I didn’t really fit into that perfect family mode. 

From the time I was a young child I was always different.  I didn’t want to be held a lot as an infant, I preferred to do my own thing, I was ‘independant and difficult’ as my mother would say to me.  I didn’t want her love, I wasn’t the cute cuddly innocent infant that my mother could cuddle with on the couch.  Nope, I was a loud screaming infant who didn’t want to sleep at night and learned how to climb out of my crib at nine months old.  I grew into a tantrum throwing toddler who didn’t want to listen, and a defiant child. 

My mother likes to tell me that I ‘fought’ with her every step of the way.  I fought, and fought and fought, I never liked to be held, I never wanted her love.  I didn’t want anything she had to offer me. 

Needless to say, my amother and I never bonded.  I was never the child she wished me to be.

She couldn’t be the parent I needed her to be. 

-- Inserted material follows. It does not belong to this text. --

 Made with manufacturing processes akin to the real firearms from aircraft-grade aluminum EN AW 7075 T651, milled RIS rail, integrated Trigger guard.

I blamed myself for YEARS for this.  After all, the blame was always placed on me, after a while, it just got easier to take it than to fight it.  I got tired of fighting.  We fought almost every day, about everything.  Doesn’t matter where we were, what we were doing, she would find something to scream at me about.  Aparantly she thought screaming was the only way to get through to me.  She was so wrong.   To this day, I completely shut down if I am yelled at.  Its a defense mechanism, one I developed a long, long time ago.  I can shut off parts of my brain so I don’t have to hear or feel anything.  So that I can’t be touched, and can’t be hurt.  So that I can’t hear the mean and nasty things my mother is screaming at me. 

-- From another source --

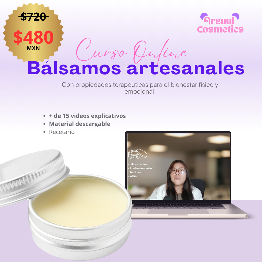 Curso para aprender a crear bálsamos artesanales con ingredientes naturales. Incluye más de 15 videos, material descargable, 3 prácticas guiadas (cólicos menstruales, antiestrés y para artritis/reumas) y una fórmula general para que personalices tus propios bálsamos según tus necesidades.
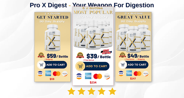 Pro X Digest formulation contains ingredients tested in third-party labs and proven to support the digestive system. The probiotic strains maintain the balance of gut microbiota, and the blend of enzymes breaks down food particles into a more straightforward form, enabling easier digestion and absorption. In addition, the supplement reduces inflammation and addresses the symptoms of digestive health issues, including irritable bowel syndrome. Consumers can purchase the digestive support formula on the official website and get a free bonus and discounts. Visit the official website to learn more today!

Everyone needs someone to protect them, I learned to be my own protector. 

I was blamed for the havoc and turmoil that I caused in my household.  I was blamed for my mothers illness, one which she almost died from.  I was blamed in ways for my parents divorce, one of the things my mother told me is that Dad hated all the fighting.  He hated coming home to a house in chaos, he wanted it calm, and blamed my mother for not being able to keep it calm.  She blamed me.  Apparently for not being able to not make her angry, because it wasn’t my fault she chose to scream at me for hours.  My father didn’t come home until 5:30, 6…. I got home at 2:30, you would think the screaming matches would have been over by the time he got there, but they never were.   I dreaded hearing the garage door opening, letting me know he was home.  Because I knew it wouldn’t be long before he joined in, rehashing everything that had been said a million times and a million different ways already. 

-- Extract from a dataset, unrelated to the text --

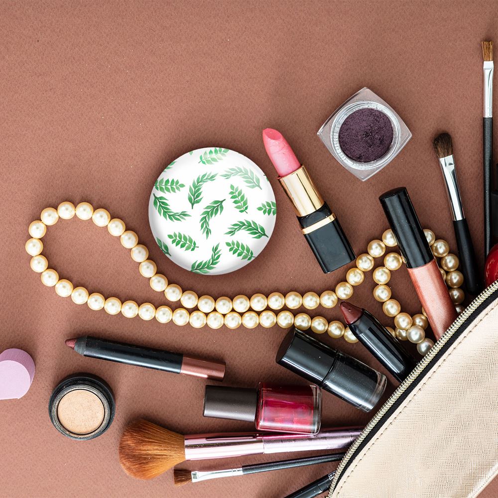 آینه های جیبی برگ خندالو دایره ای به قطر 7.5 سانتی متر می باشد که نه خیلی بزرگ و غیر قابل استفاده در کیف آرایشی ست و نه خیلی کوچک که تصویر خاصی در آن مشاهده نشود. سایزی استاندارد و کارآمد دارد و مناسب قرار گیری در کیف لوازم آرایش و کیف های کوچک دستی نیز هست. بدنه ی آینه جیبی برگ در قسمتی که آینه را در بر گرفته فلزی بوده و ظاهر براق و بسیار زیبایی دارد. چاپ طرح در پشت آینه بوسیله چاپگرهای دیجیتال شش رنگ با شفافیت و کیفیتی مثال زدنی انجام گرفته و با روکش لمینت حرارتی پوشیده شده که در مقابل آسیب و خط و خش مقاوم بوده و کیفیت بالایی دارد. آینه های جیبی برگ خندالو با تنوع طرحی بسیار بالا، سلیقه هر نوع مخاطبی را تامین میکند.

Why don’t you ever learn?  Jessie, why can’t you just learn?

I guess I never even understood why I couldn’t learn, why I always screwed up, why I fought everything.  Maybe I was fighting for me, maybe I was just fighting, maybe.  I don’t really know. 

All I know is the past is painful, I don’t like to think about it.  I would much rather pretend it just didn’t exist.  It hurts me.  I hate that, its over but it still hurts me. 

And the worst part of it all? 

The worst part is now, when I can look at the woman who in all reality was the one who naturally was supposed to have raised me.  The hole in which I actually fit in.  The place where I actually belong to.  Its just another slap in the face, just another pain I have to accept.  Just another thing saying, Jessie, I’m sorry life sucked, here’s one more to add…

That wasn’t really the life you were supposed to have. 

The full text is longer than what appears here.